The only real answer is that I don’t know and no one will ever be able to give me a for sure, straight answer. So who cares? I moved on. All that matters now is being aware of my defensive behavior, my extreme distrust of others, and my fear of rejection. I have to be aware of it to change it.

Realizing that I’m so afraid of being rejected that I try to reject people before they reject me made me feel childish and stupid. I can remember so many times where I was mean to people because I thought they didn’t like me. And then seeing their expressions of shock or confusion, and realizing I was wrong. It was all in my head. I could have had a perfectly good acquaintance or friendship with my neighbors, teachers, and peers if I had been able to see through the fog of “nobody likes me!” I want to roll my eyes at myself. Sure, I experienced bullying a little here and there in school, but who didn’t?
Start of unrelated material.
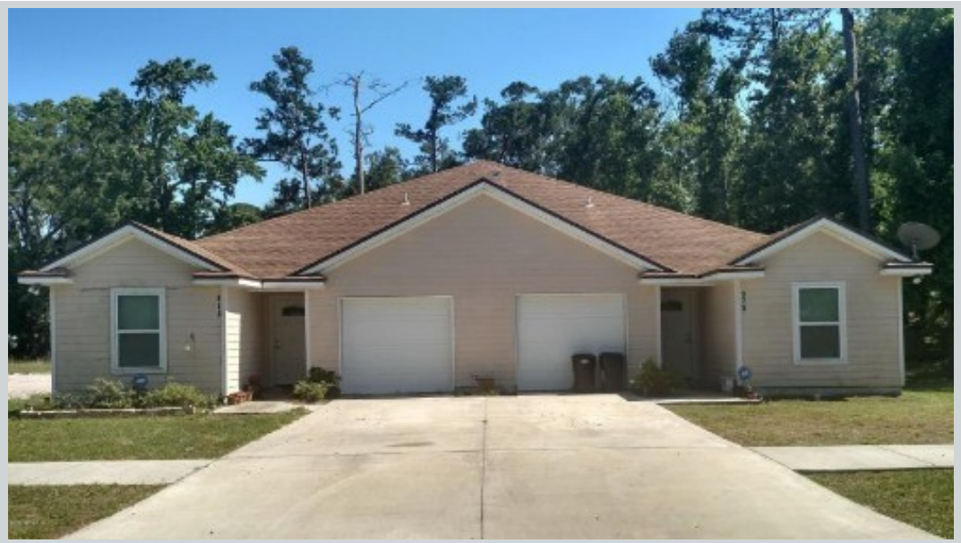
Listing Comp 1 820 Filmore Ln
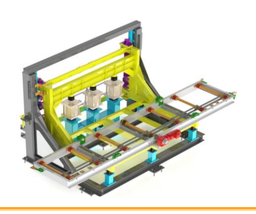
Design Feed Dog Module

No one absolutely hated my guts that I know of. I don’t know why I thought everyone hated me. I could make a list of all the possible reasons I acted the way I did, why I lashed out at people for seemingly no reason. But the truth is, I don’t know and it probably was more than one thing (my illness, feelings of worthlessness, etc).

I always thought I was an inherently mean person. People told me I was intense, impatient, angry. Even when I grew up and began to face all my flaws, I couldn’t shake the feeling that I was a bad person. But I’ve changed a lot and I never was a bad person. I was just moody and irritable, not that it excuses my bad behavior.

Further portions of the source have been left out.